WHAT YOU SHOULD DO: Retype the line in which "- Kirameki Koi" appears, then every line after it until the records end. Leave out the pictures.

EXTRACTED ENTRIES:
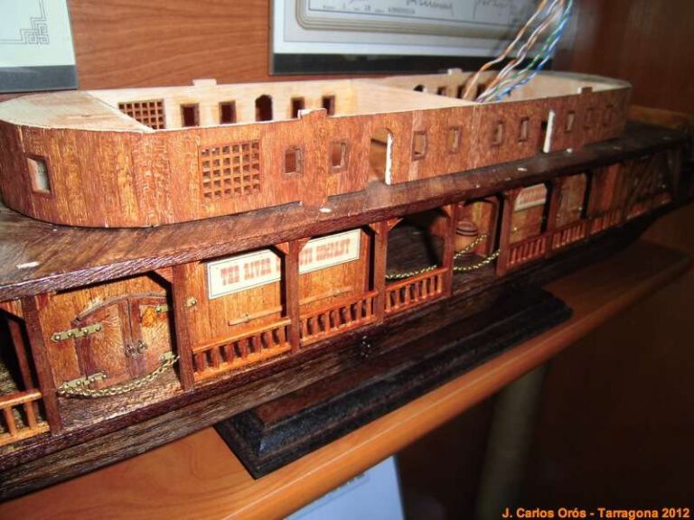 Hola amigos Un paso más. En esta fase se han colocado los pilarotes de la primera cubierta y el bateolas. El bateolas en tilo o ramín antes de ser tintado en nogal. Hasta aquí los avances. El siguiente paso hacer…
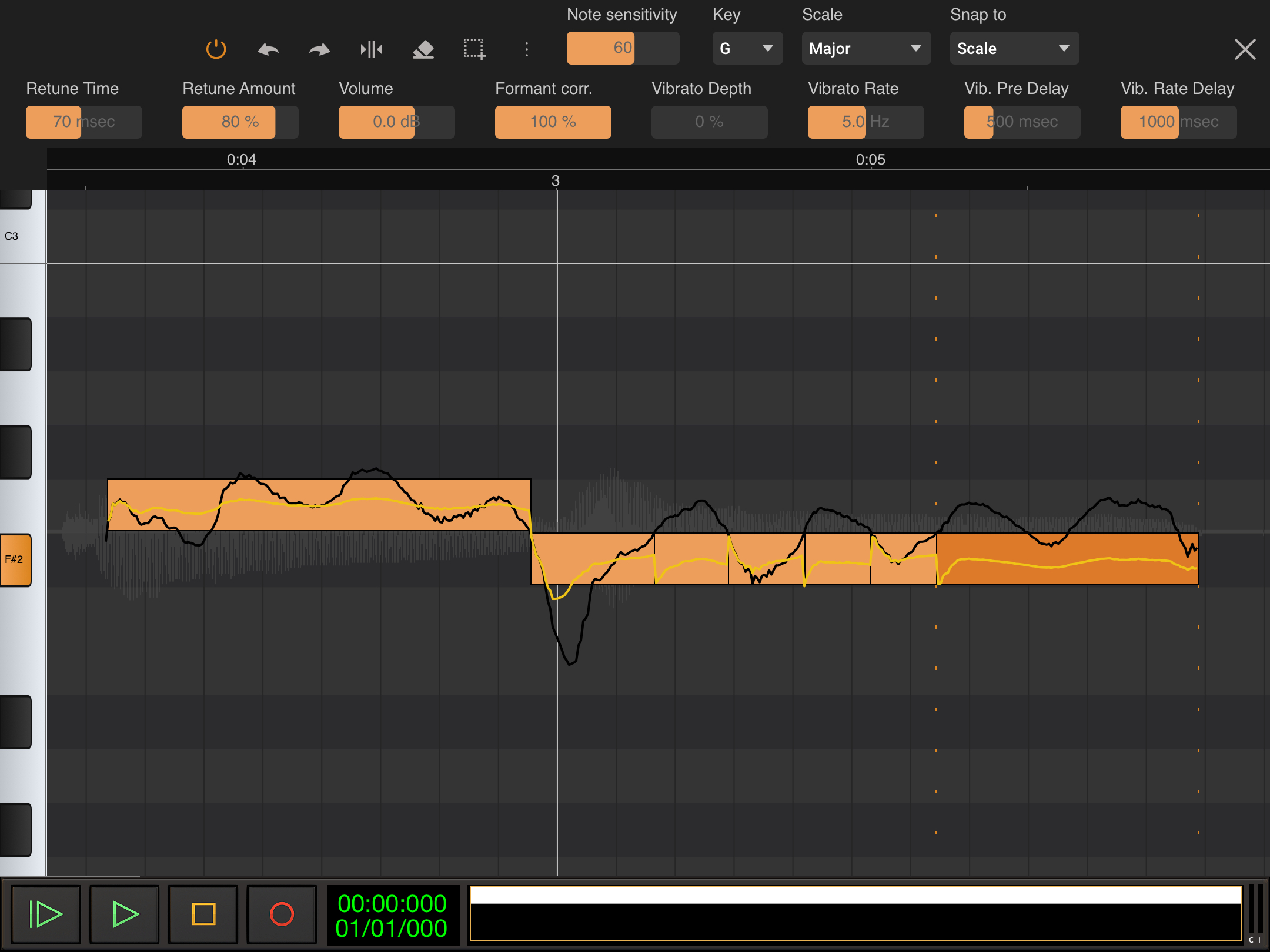 Thirdly, Vocal Tune Studio gives us the yellow line which represents the retuned pitch. As you can see, it is a much more precise indication of whats happening than the notes on the piano roll and it changes accordingly when changes are made to most of the retuning parameters which become available when a note or notes are selected. It is from this yellow line that we can see why simply moving all of the notes to the correct pitch hasn't given us the result we're after. As you can see, there are troughs or peaks in the yellow line at the beginning of every note after the first one so we need to fine tune the retuning parameters for these notes.
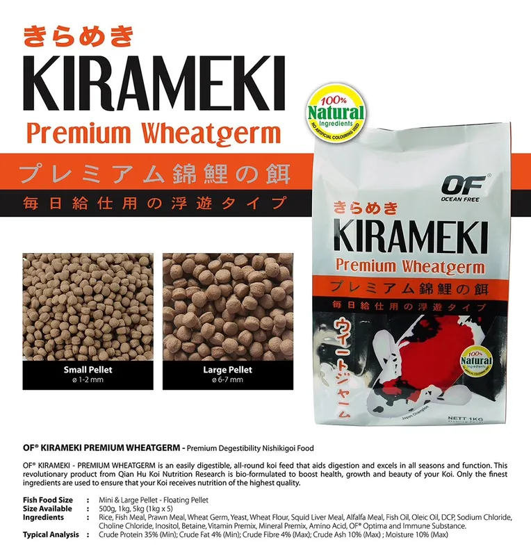 - Kirameki Koi Wheatgerm is an easily digestible, all-round Koi food that aids digestion and excels in all seasons and function.
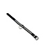 A sturdy collar for those wanting some sparkle in their dungeon. Sturdy latigo leather covered in rows of aurora borealis rhinestone rivets makes up the body of the collar, while steel hardware makes up a dangling o-ring and soft leather.
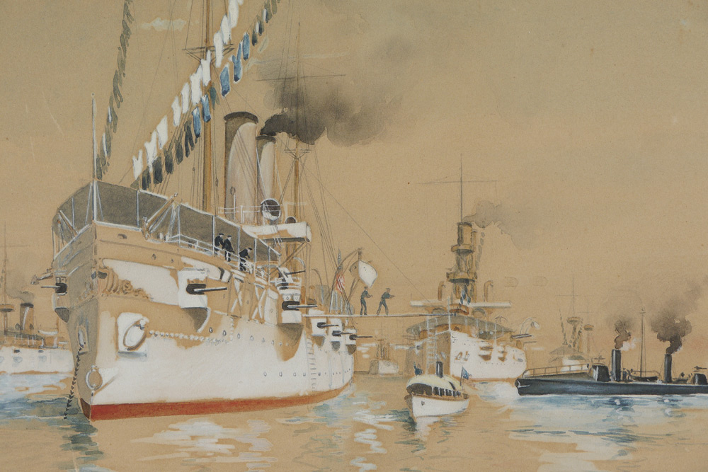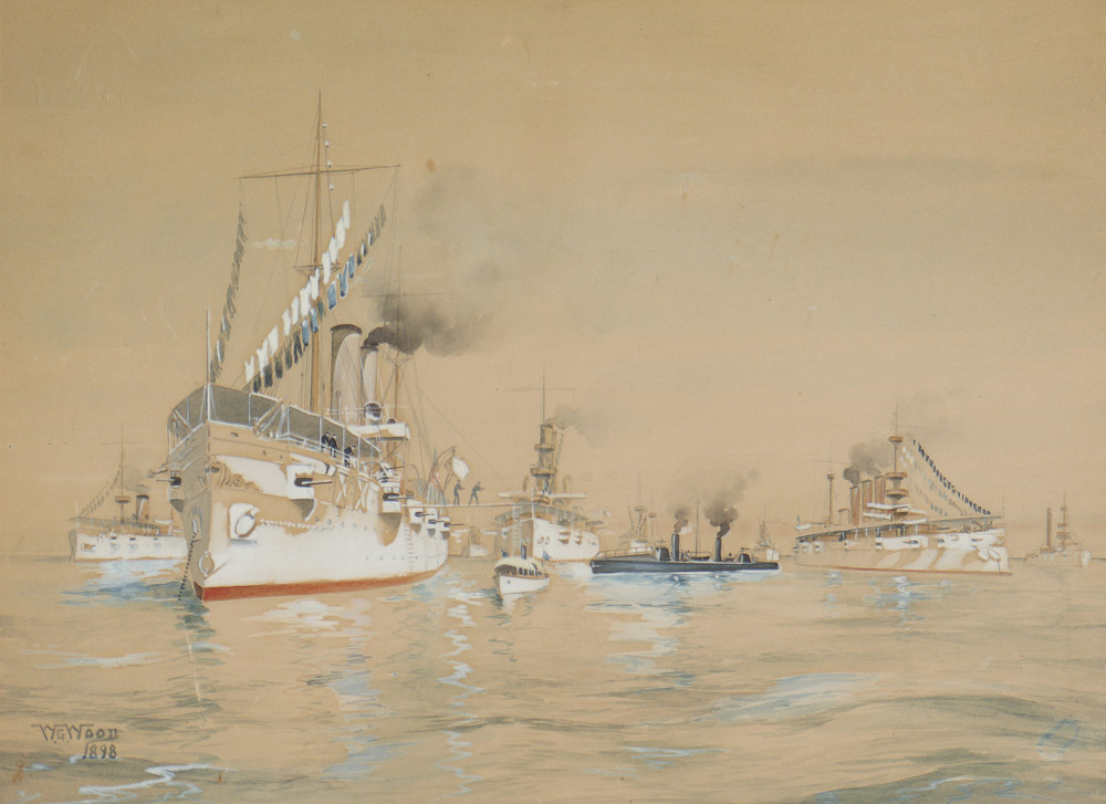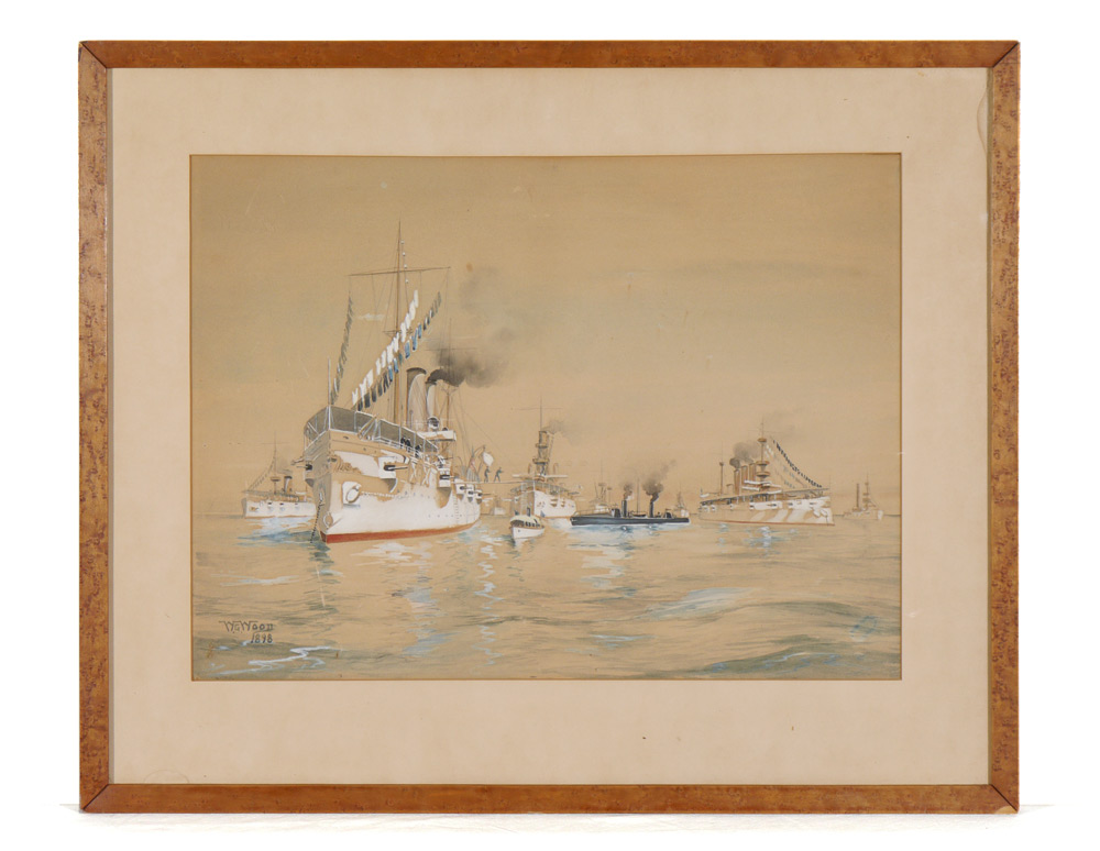 WOOD, Worden G., (American, 1880-1943): Battle of Manila, Maritime Illustration, Watercolor, Sight size 13 1/2'' x 18 1/2'', signed lower left, dated 1898, Birdseye maple frame with wear 20 1/2'' x 25''.
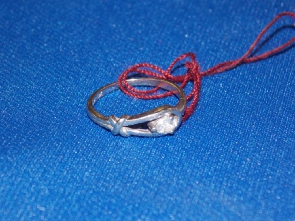RING - 10K WHITE GOLD WITH GEMSTONE - SZ 4.5 (1.4GM) - RETAIL ESTIMATE $350
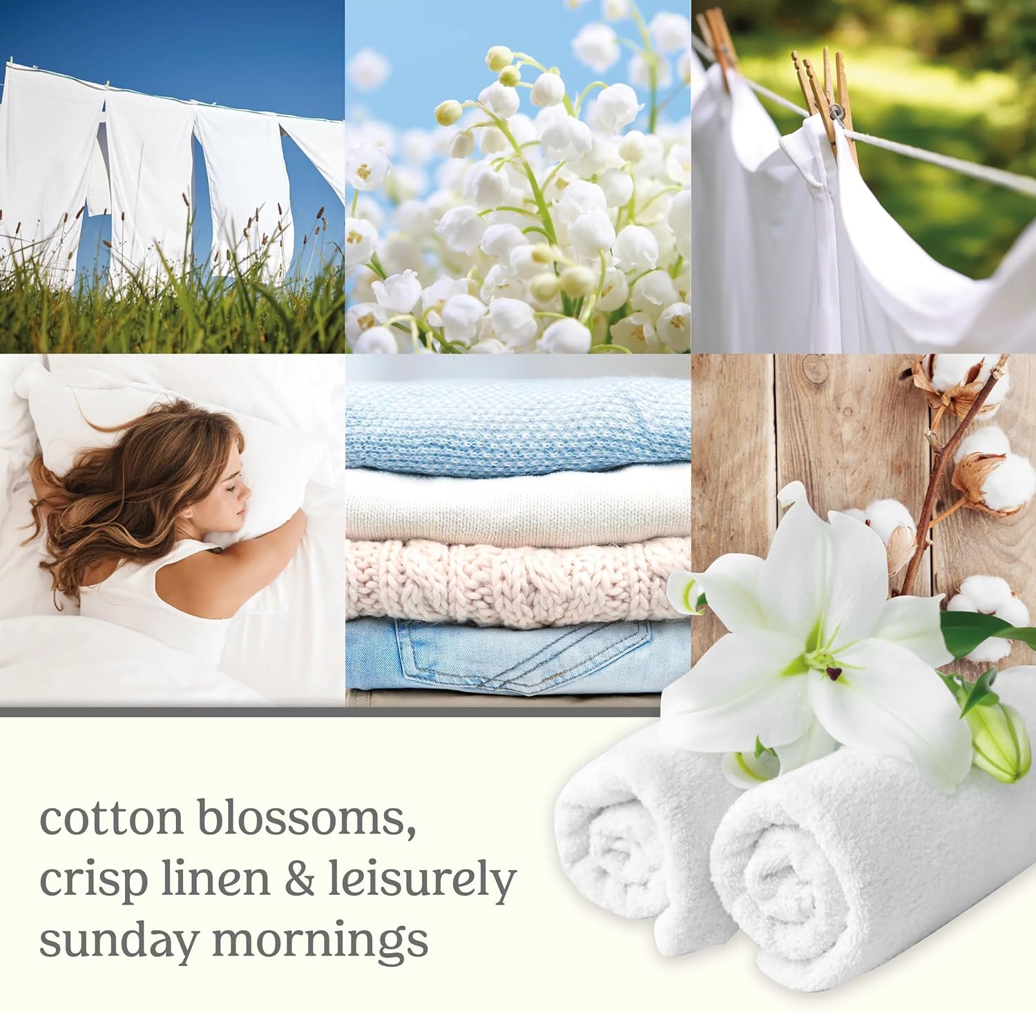 A fragrance as fresh as sun-dried cotton sheets blowing in the wind, enhanced by a hint of white flowers and lemon.

SOLUTION FOR THIS EXERCISE:
 - Kirameki Koi Wheatgerm is an easily digestible, all-round Koi food that aids digestion and excels in all seasons and function.
 A sturdy collar for those wanting some sparkle in their dungeon. Sturdy latigo leather covered in rows of aurora borealis rhinestone rivets makes up the body of the collar, while steel hardware makes up a dangling o-ring and soft leather.
 WOOD, Worden G., (American, 1880-1943): Battle of Manila, Maritime Illustration, Watercolor, Sight size 13 1/2'' x 18 1/2'', signed lower left, dated 1898, Birdseye maple frame with wear 20 1/2'' x 25''.
RING - 10K WHITE GOLD WITH GEMSTONE - SZ 4.5 (1.4GM) - RETAIL ESTIMATE $350
 A fragrance as fresh as sun-dried cotton sheets blowing in the wind, enhanced by a hint of white flowers and lemon.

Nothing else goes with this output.